Романы Ильфа и Петрова — страница 86 из 225

Эти черты извозчика чутко отмечает французский писатель Люк Дюртен, посвящая вымирающему институту извозчиков несколько страниц своей книги о Москве 1926–1927 г.: «Напомним, что слово «извозчик» обозначает одновременно и кучера, и его пролетку. В царское время человек на козлах представлялся лишь частью экипажа, элементом лошади: чувствительная зона, предназначенная Провидением для воздействий пассажира» [Durtain, L’autre Europe, 59].

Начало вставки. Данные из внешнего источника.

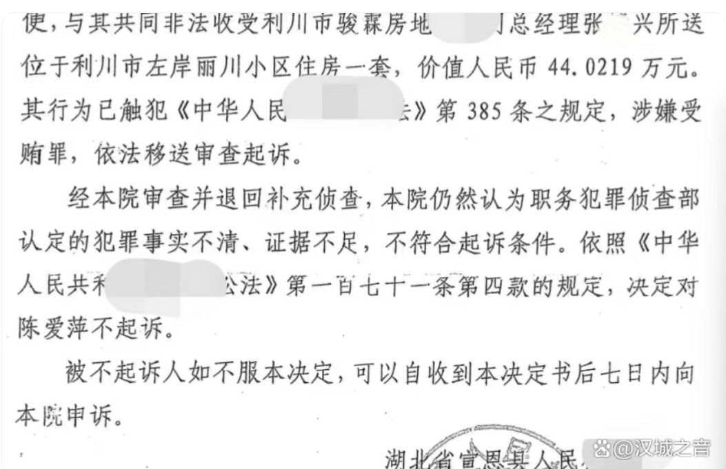 2017 年 12 月,宣恩县检察院经 38 个月侦查,对陈某萍作出不起诉决定;2020 年 2 月,恩施州检察院向陈某萍作出刑事赔偿决定。两份文书均认定,陈某萍与郑凯共谋受贿的事实不清、证据不足,彻底推翻原审关于房产受贿的认定。
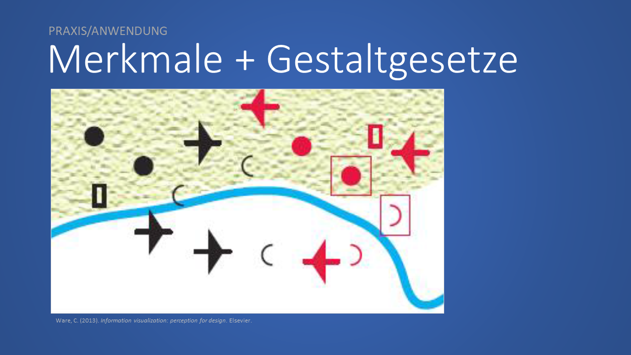 Das Beispiel erinnert nicht ohne Grund an eine Kartendarstellung. Es sind visuelle Elemente und Gestaltgesetze, die bei der Gestaltung von Landkarten eingesetzt werden. Darauf werden wir später noch näher eingehen.
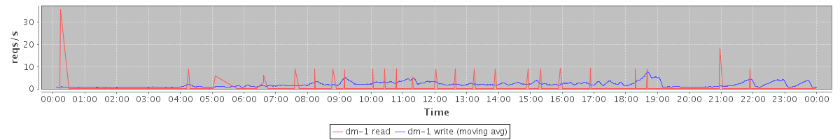 avg(dm-1 read) = 0.09 avg(dm-1 write) = 1.93
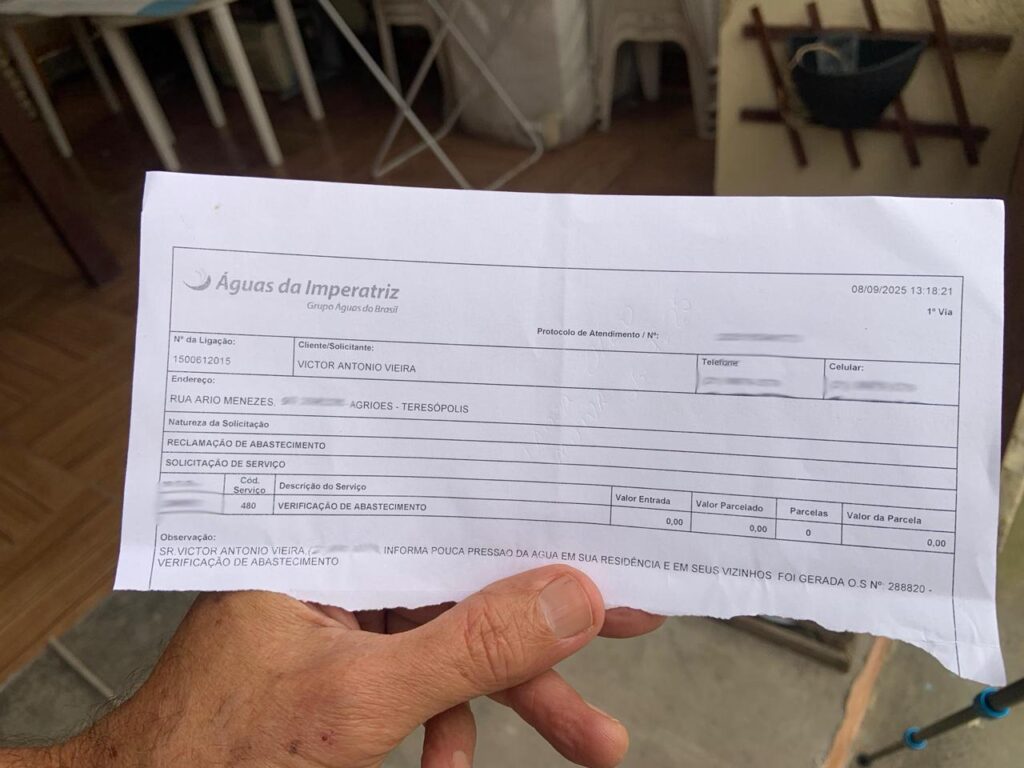 Diante dos transtornos, o morador da Rua Ario Menezes recorreu a concessionária responsável pelo fornecimento de água, a Águas da Imperatriz, três vezes, não recebendo soluções. “Até agora nenhuma sugestão ou solução deles foi apresentada. Da última vez que eu fui reclamar, me entregaram um protocolo dizendo que viriam aqui, mas já vai completar 30 dias, sem nenhum retorno”, contou Victor, que também destacou que na primeira notificação à concessionária um funcionário realizou a medição da pressão junto ao hidrômetro. “Ele alegou que a pressão estava dentro da média. Só que essa pressão não é suficiente para chegar aqui na caixa. Precisamos da água o dia todo, não só um terço dele”, concluiu.
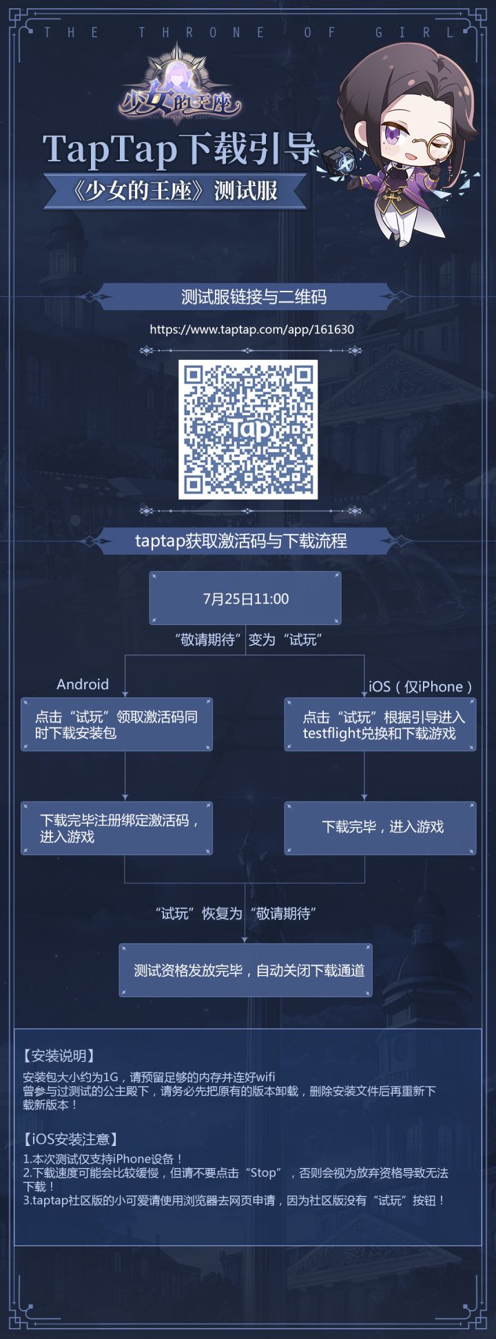 亲爱的公主殿下,久等啦(´,,•ω•,,‘)~非常感谢大家耐心的等待!《少女的王座》7日盛夏测试将于7月25日11点开启!这次是安卓和iOS都拥有姓名的不计费删档测试哦~为了提供最好的游戏体验,本次为限号测试,本渠道限量名额为安卓1500,iOS 500,先到先得!详情如下: ※参与测试请前往哦!============重要!测试说明===========【测试时间】7月25日11:00~8
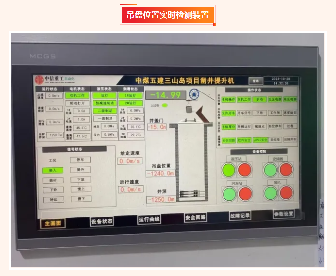 提升机根据提升容器和吊盘行程位置,以及提矸、提人、下砼和特运等提升模式,对不同吊盘位置(井深)的等速过速、包络线过速、过卷等进行监视,实现行程闭环控制。通过1台提升机实时检测的吊盘位置,利用PLC通讯接口可以将数据同步传输至另外2台提升机,实现实时共享吊盘位置,节省了设施投入。
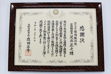 京都市教育委員会が運営する教育施設「京都まなびの街 生き方探究館」に、放射温度計3台を寄贈した御礼として、9月15日に京都市教育委員会の方々が来社され、HORIBAに感謝状が贈呈されました。
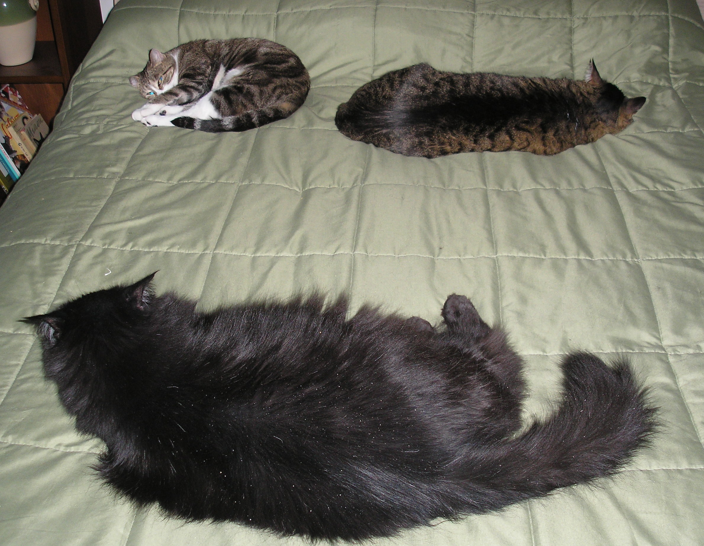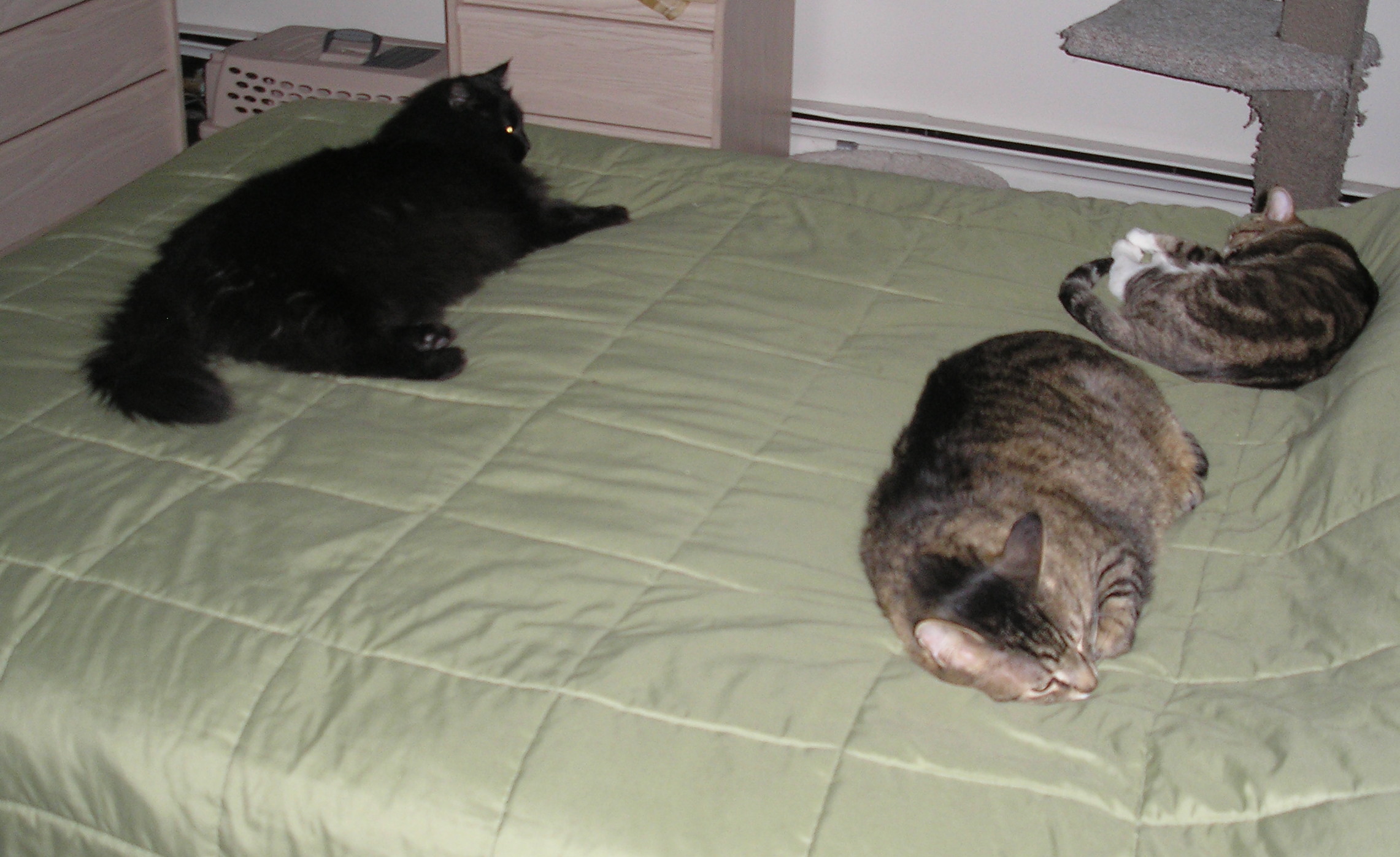 Zoe is happy to chase either Oscar or Cole - Cole runs up to the top of the cat tree in the living room. It's good for them to have a feisty little sis!
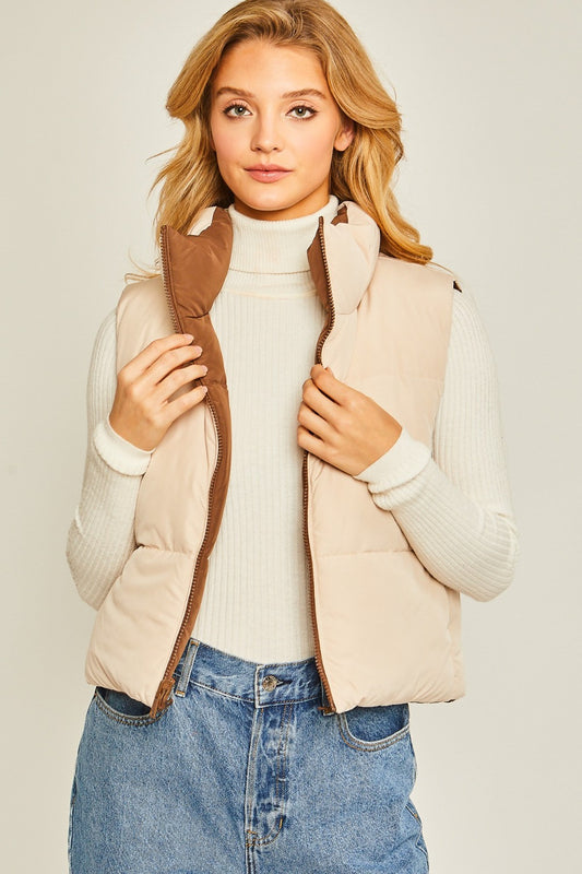 Love Tree Zip Up Cropped Contrast Reversible Vest
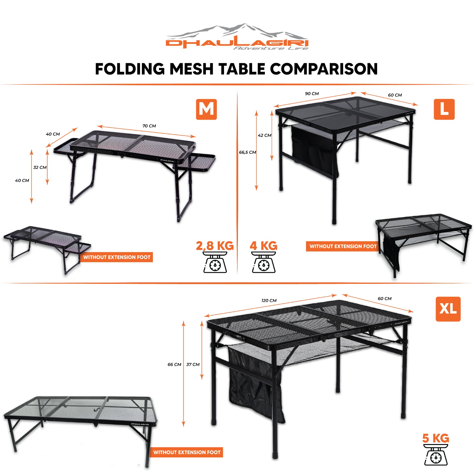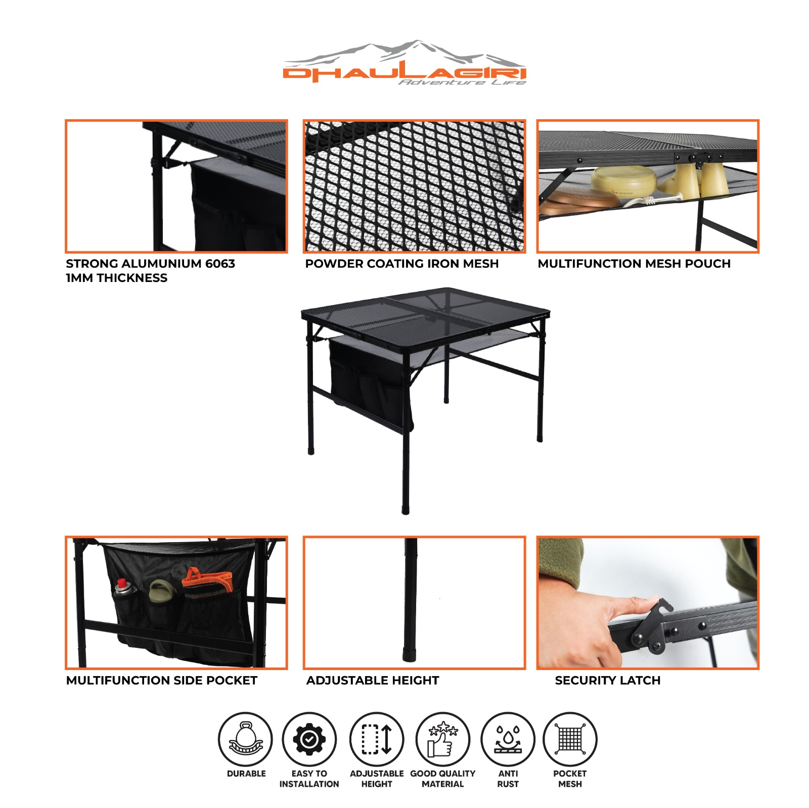 DHAULAGIRI FOLDING MESH TABLE L / MEJA LIPAT CAMPING / MEJA LIPAT DENGAN TAS MUDAH DIBAWA / MEJA LIPAT ESTETIK

2 [к 25//5]. Незадолго до действия романа (весной 1926) в некоторых районах Москвы произошло наводнение, по поводу которого возник свой фольклор и юмор, в том числе и шутки о плывущей по комнате мебели [см. Kisch, Zaren…, 76: Hochwasser als Spass].

26. Два визита

26//1

Подобно распеленатому малютке, который… — Период явно построен под Толстого, причем «особенно «толстовским» является само положение этого отрывка в начале главы» [Чудакова, Поэтика М. Зощенко, 99]. Подобные развернутые сравнения (восходящие в конечном счете к эпосу) встречаются у Толстого в «Войне и мире» (например, сравнение Москвы с «обезматочившим ульем» [III.3.20], французской армии с раненым животным [IV.2.10] и др.) и в «Анне Карениной» (сравнение любовников с убийцей и трупом [III.11]). Ср. ДС 25//10 (где также имитируется этот «толстовский» оборот).

26//2

«Царица голосом и взором свой пышный оживляет пир…» — Неточная цитата из «Египетских ночей» Пушкина [см. также ДС 14//19].

26//3

…Штраф ли это за разбитое при разговоре в трамвае стекло… — Ср. «Зубное дело» М. Зощенко: «Один-то зуб ему, это верно, выбили при разговоре» [Бе 39.1927].

26//4

ПОПАЛ ПОД ЛОШАДЬ… — Хроника мелких происшествий, несчастных случаев регулярно печаталась в газетах: «На углу Тверской-Ямской и Б. Грузинской улиц на постового милиционера Панкова наскочил автомобиль с коляской под управлением С. Соколова… Все отвезены в институт Склифосовского»; «В Яузскую больницу из д. № 8 по 3 Карабковскому переулку доставили отравившуюся бертолетовой солью А. А. Петрову» [Из 04.05.27] и т. п. Пострадавший отделался легким испугом — прочное клише газетных отделов происшествий 20-х гг. Несколько сообщений, кончающихся этими словами, цитирует в корреспонденции из Иваново-Вознесенска А. Гарри [Ситцевая столица, Чу 37.1929].

Ср рассказ Чехова «Радость», где речь идет о хроникальной заметке сходного содержания: «Коллежский регистратор Дмитрий Кулдаров… находясь в нетрезвом состоянии, поскользнулся и упал под лошадь стоявшего здесь извозчика… Испуганная лошадь [ср. «робкое животное белого цвета», ДС 25]… помчалась по улице… О случившемся составили протокол» (ср. «—Требую протокола!», ДС 25). Потерпевший Бендер в романе также преувеличивает значение газетной заметки, воспринимая ее как личную обиду (у Чехова — как славу).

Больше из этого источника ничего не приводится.